D’autres modèles ont remis en cause cette analyse du duopole pour mettre en avant la forte probabilité d’une guerre des prix. Ainsi, Joseph Bertrand montre dans sa Théorie mathématique de la richesse sociale (1883) que la concurrence par les quantités risque d’être remplacée par une concurrence par les prix. Dans ce modèle de compétition entre entreprises, on aboutit donc à une situation dite de « paradoxe de Bertrand » puisque, malgré leur pouvoir de marché, on atteint finalement un équilibre de CPP :  le prix diminue et atteint, à terme, le niveau du coût marginal. Ce raisonnement est lui-même remis en cause en 1934 par Heinrich von Stackelberg (dans Structure de marché et équilibre), car il n’intègre pas la possibilité qu’une des deux entreprises ait une position dominante sur le marché. Or, cette configuration modifie complètement les comportements stratégiques des firmes. En effet, dans le cas d’une concurrence asymétrique, une des deux firmes a un avantage informationnel et profite donc de son avantage.

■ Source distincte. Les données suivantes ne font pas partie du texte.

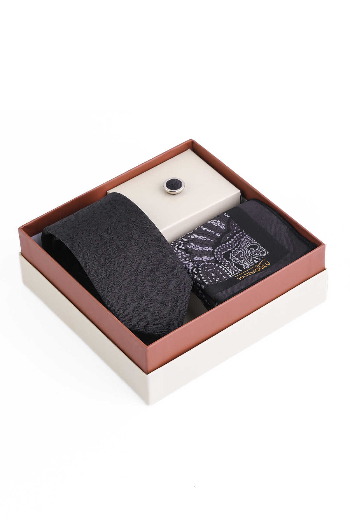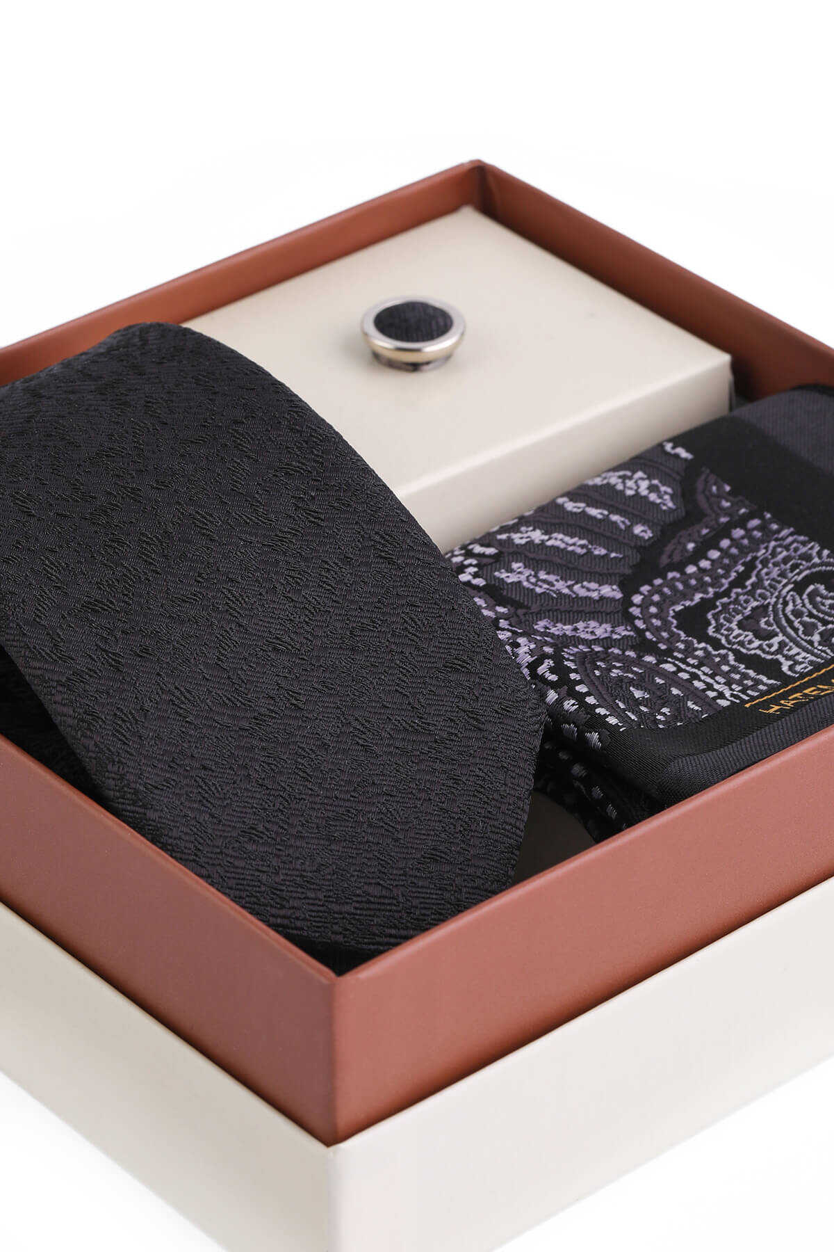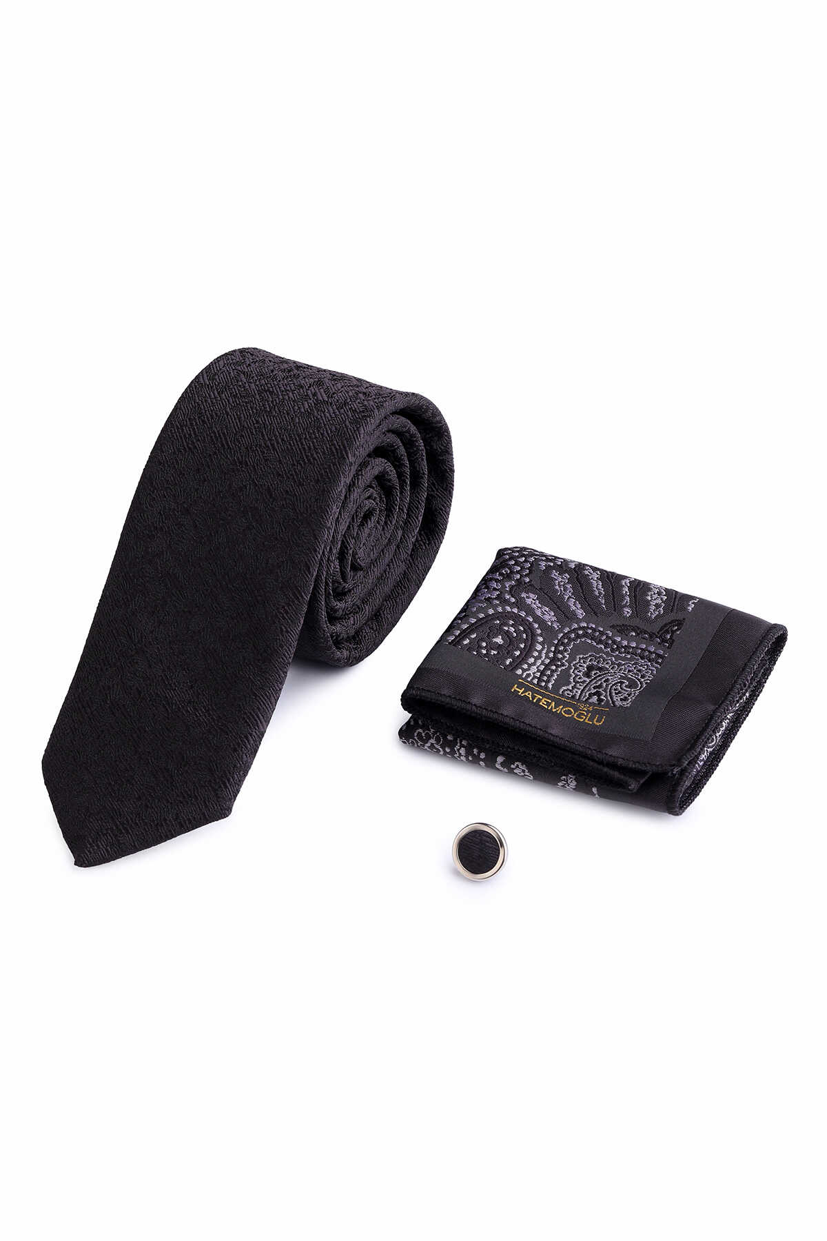 Siyah Üçlü Yaka Rozeti Kravat Mendil Set

L’entreprise dominante choisit donc indépendamment de l’autre la quantité qui maximise son profit (en égalisant coût marginal et recette marginale), son concurrent étant amené à s’adapter selon une fonction de réaction pour fixer sa quantité produite.

 

 

Dans les situations de concurrence imparfaite, les consommateurs sont les grands perdants. D’une part, l’équilibre de monopole conduit à un prix supérieur ; d’autre part, la quantité proposée sera inférieure à celle de l’équilibre en CPP. Par ailleurs, les offreurs bénéficient de surprofits. Finalement, le surplus total est plus faible qu’en CPP, l’optimum social est donc réduit par rapport à la CPP.

La concurrence imparfaite est donc à l’origine d’une inefficacité à la fois au niveau de l’allocation des richesses produites et de sa distribution entre producteur et consommateur.